Mahindra and Jeep entangled in a global legal tussle over Thar design

May 27, 2021 2 min read
Mahindra and Jeep entangled in a global legal tussle over Thar design

Mahindra Thar looks like a younger brother of Jeep Wrangler. But can it sell like hot cakes in other parts of the world as it sells in India? Jeep says NO!

The latest generation of Mahindra Thar has always looked like a doppelgänger of Jeep Wrangler. The resemblance is not just a coincidence. Despite being a success in India, it is always questioned by automobile enthusiasts for its copied design features. Riding on its success in India, Mahindra & Mahindra was apparently planning to launch Thar in Australia. But, not anymore?

Why Mahindra Thar is not Launched in Australia?

Stellantis, the owner of Jeep moved to court in Australia against Mahindra after an ad in a newspaper appeared. The ad was a sign that the company was getting ready to launch Thar in Australia. Due to Thar's uncanny resemblance with Jeep Wrangler, Stellantis believes that it has infringed company's trademark and trade dress.

However, Mahindra has confirmed that the news of Thar launch in Australia is baseless. The Indian automaker has also agreed to give FCA (Fiat Chrysler Automobiles) a three months notice before it plans to launch Thar.

Stellantis is a global alliance between fiat Chrysler and Peugeot Citroen group.

"We're seeing very strong demand for the all-new Thar 2020 in India, therefore have no immediate plans for launch of the current variant of the Thar in markets outside India. As a result, it was pointless to engage in a litigation at this stage," a company spokesperson said. "When we decide to launch any new variant of the Thar in Australia, we will provide 90 days' notice to FCA and take all steps to protect our rights to market and sell the product. This has no bearing on our future plans in Australia as we continue to pursue expansion of our business across a number of vehicle categories."

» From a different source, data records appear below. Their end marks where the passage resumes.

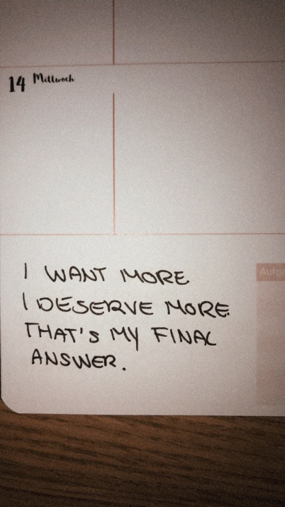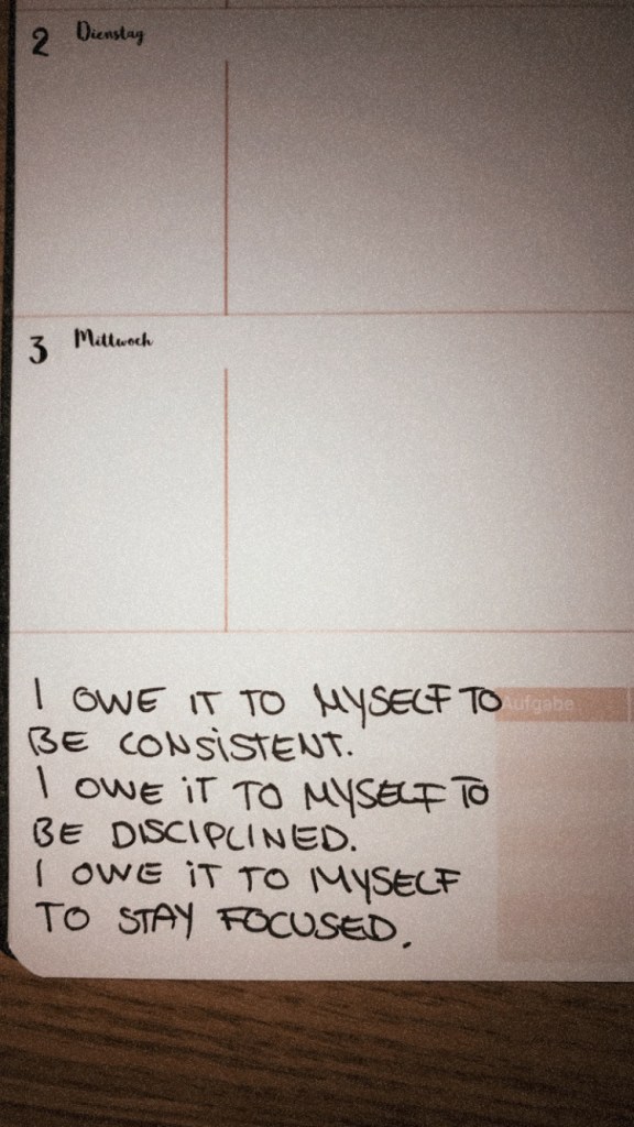 Ich habe mir positive Sprüche in meinen Kalender geschrieben, damit ich sie immer sehe, wenn ich meine To-Dos aufschreibe. Bei mir wirkt es Wunder.
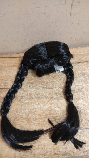 Peruka umożliwia pełne wcielenie sie w postać. Włosy są błyszczące i posiadają uplecione warkocze.
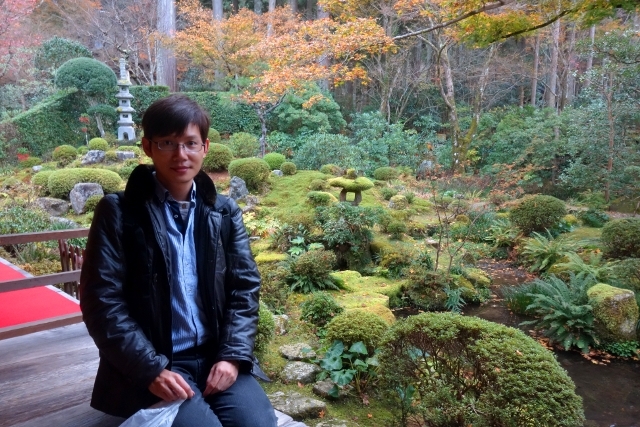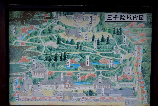 再往前多走幾步,便來到寺院的入口「御殿門」,它架立於階台,兩側石垣上又高築了一層白色灰泥牆,讓人有行臨城郭的錯覺。昨晚參訪的「青蓮院」為隸屬「天台宗」的門跡,「三千院」亦是,從「平安時代」末期,便陸續有皇族在此擔任住持。但它最早僅是「最澄大師」於「比叡山」梨樹下建的小舍院,之後寺名由「圓融房」、「梨下房」等不斷換替,地點也隨之遷移,一直到明治維新後,才落腳於現址,成了現今大眾熟知的「三千院」。而這樣的名稱,想必是出自佛理中的三千世界吧。

Mahindra was earlier a licensee for assembling Jeep vehicles in India in the 1950s. However, in the recent history, the two automakers are sparring with each other too often. Last year, FCA won a crucial lawsuit against Mahindra & Mahindra in the US that blocked its strategy of importing the Roxor off road vehicle in the USA market.

FCA convinced lawmakers that Roxor is based on the previous generation Thar and is a copy of Jeep Wrangler. Hence, it infringes on multiple trademarks of Jeep. When Mahindra launched Thar in the Indian market to stellar reviews, Stellantis ran a cheeky TVC titled "The Original" that was made to take a dig on the newly launched off-roader. FCA is clear on its stand to block entry of Mahindra Thar in all the major markets globally where it has a strong presence.

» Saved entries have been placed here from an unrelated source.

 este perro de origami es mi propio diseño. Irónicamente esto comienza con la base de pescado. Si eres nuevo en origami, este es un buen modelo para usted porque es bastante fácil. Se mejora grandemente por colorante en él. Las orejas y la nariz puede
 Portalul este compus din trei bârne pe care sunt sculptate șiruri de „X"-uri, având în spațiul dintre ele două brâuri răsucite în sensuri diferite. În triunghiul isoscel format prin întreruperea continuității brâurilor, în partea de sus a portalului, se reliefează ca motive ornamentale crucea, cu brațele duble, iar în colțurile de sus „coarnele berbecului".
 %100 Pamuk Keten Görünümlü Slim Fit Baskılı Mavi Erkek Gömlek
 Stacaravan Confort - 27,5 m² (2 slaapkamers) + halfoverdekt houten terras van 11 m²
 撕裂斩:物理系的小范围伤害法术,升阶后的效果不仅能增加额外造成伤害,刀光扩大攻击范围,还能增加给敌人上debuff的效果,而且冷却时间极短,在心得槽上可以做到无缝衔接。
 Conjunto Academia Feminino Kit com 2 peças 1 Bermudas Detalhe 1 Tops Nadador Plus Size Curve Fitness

"FCA is pleased that Mahindra has conceded and undertaken that they will not import, market or sell the current Thar vehicle in Australia and will provide prior notice to FCA before bringing any future model or variant of the Thar into Australia," Stellantis said in a statement to the media. "This outcome illustrates our commitment to protect the iconic trade dress and trademarks of the Jeep brand here and overseas, and continue to engage the passion our customers and loyal Jeep community in Australia have for these iconic vehicles."